» TASK
Print the listing exactly as it stands. Skip every picture.

» RECORDED DATA
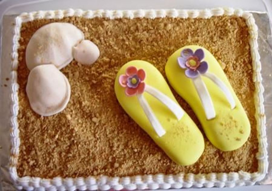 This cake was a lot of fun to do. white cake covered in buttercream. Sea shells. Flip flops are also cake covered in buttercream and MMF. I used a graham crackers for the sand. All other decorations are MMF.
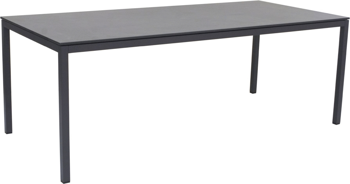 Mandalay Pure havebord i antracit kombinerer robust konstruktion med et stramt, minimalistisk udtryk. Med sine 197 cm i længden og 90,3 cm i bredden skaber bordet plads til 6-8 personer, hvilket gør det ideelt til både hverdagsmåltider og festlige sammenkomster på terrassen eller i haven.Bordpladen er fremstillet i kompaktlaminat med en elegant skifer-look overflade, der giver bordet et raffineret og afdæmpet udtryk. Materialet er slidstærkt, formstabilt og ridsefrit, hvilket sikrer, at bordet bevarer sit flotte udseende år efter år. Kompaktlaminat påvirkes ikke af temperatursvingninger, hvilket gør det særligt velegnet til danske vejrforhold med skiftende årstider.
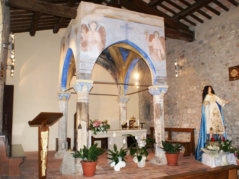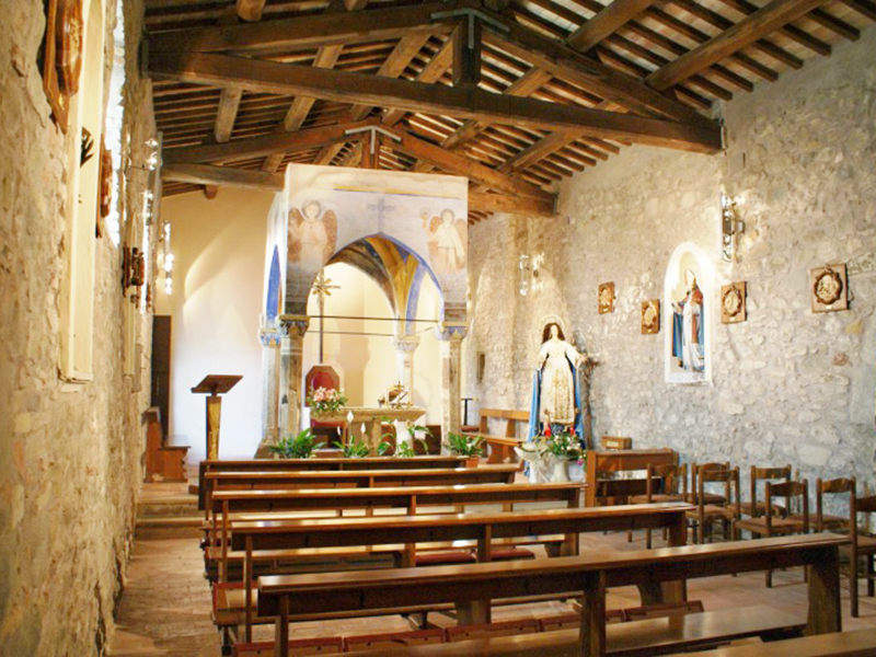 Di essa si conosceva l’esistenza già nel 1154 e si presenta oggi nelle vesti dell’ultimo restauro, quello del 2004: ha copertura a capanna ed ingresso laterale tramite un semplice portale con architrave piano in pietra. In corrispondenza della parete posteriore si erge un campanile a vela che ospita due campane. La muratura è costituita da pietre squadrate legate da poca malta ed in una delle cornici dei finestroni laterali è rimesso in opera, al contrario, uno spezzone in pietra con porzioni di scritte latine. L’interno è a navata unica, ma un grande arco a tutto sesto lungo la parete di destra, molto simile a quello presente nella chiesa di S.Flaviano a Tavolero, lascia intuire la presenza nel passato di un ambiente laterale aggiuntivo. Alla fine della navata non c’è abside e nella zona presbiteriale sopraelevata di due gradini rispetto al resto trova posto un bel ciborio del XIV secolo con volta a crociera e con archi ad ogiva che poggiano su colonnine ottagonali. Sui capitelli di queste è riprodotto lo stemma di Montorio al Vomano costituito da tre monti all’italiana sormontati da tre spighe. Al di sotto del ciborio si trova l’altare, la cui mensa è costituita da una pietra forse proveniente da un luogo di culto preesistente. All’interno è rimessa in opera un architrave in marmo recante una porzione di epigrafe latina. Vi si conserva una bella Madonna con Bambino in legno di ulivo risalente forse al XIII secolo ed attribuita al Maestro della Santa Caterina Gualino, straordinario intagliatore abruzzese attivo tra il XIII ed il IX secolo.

» EXERCISE RESULT
 This cake was a lot of fun to do. white cake covered in buttercream. Sea shells. Flip flops are also cake covered in buttercream and MMF. I used a graham crackers for the sand. All other decorations are MMF.
 Mandalay Pure havebord i antracit kombinerer robust konstruktion med et stramt, minimalistisk udtryk. Med sine 197 cm i længden og 90,3 cm i bredden skaber bordet plads til 6-8 personer, hvilket gør det ideelt til både hverdagsmåltider og festlige sammenkomster på terrassen eller i haven.Bordpladen er fremstillet i kompaktlaminat med en elegant skifer-look overflade, der giver bordet et raffineret og afdæmpet udtryk. Materialet er slidstærkt, formstabilt og ridsefrit, hvilket sikrer, at bordet bevarer sit flotte udseende år efter år. Kompaktlaminat påvirkes ikke af temperatursvingninger, hvilket gør det særligt velegnet til danske vejrforhold med skiftende årstider.
 Di essa si conosceva l’esistenza già nel 1154 e si presenta oggi nelle vesti dell’ultimo restauro, quello del 2004: ha copertura a capanna ed ingresso laterale tramite un semplice portale con architrave piano in pietra. In corrispondenza della parete posteriore si erge un campanile a vela che ospita due campane. La muratura è costituita da pietre squadrate legate da poca malta ed in una delle cornici dei finestroni laterali è rimesso in opera, al contrario, uno spezzone in pietra con porzioni di scritte latine. L’interno è a navata unica, ma un grande arco a tutto sesto lungo la parete di destra, molto simile a quello presente nella chiesa di S.Flaviano a Tavolero, lascia intuire la presenza nel passato di un ambiente laterale aggiuntivo. Alla fine della navata non c’è abside e nella zona presbiteriale sopraelevata di due gradini rispetto al resto trova posto un bel ciborio del XIV secolo con volta a crociera e con archi ad ogiva che poggiano su colonnine ottagonali. Sui capitelli di queste è riprodotto lo stemma di Montorio al Vomano costituito da tre monti all’italiana sormontati da tre spighe. Al di sotto del ciborio si trova l’altare, la cui mensa è costituita da una pietra forse proveniente da un luogo di culto preesistente. All’interno è rimessa in opera un architrave in marmo recante una porzione di epigrafe latina. Vi si conserva una bella Madonna con Bambino in legno di ulivo risalente forse al XIII secolo ed attribuita al Maestro della Santa Caterina Gualino, straordinario intagliatore abruzzese attivo tra il XIII ed il IX secolo.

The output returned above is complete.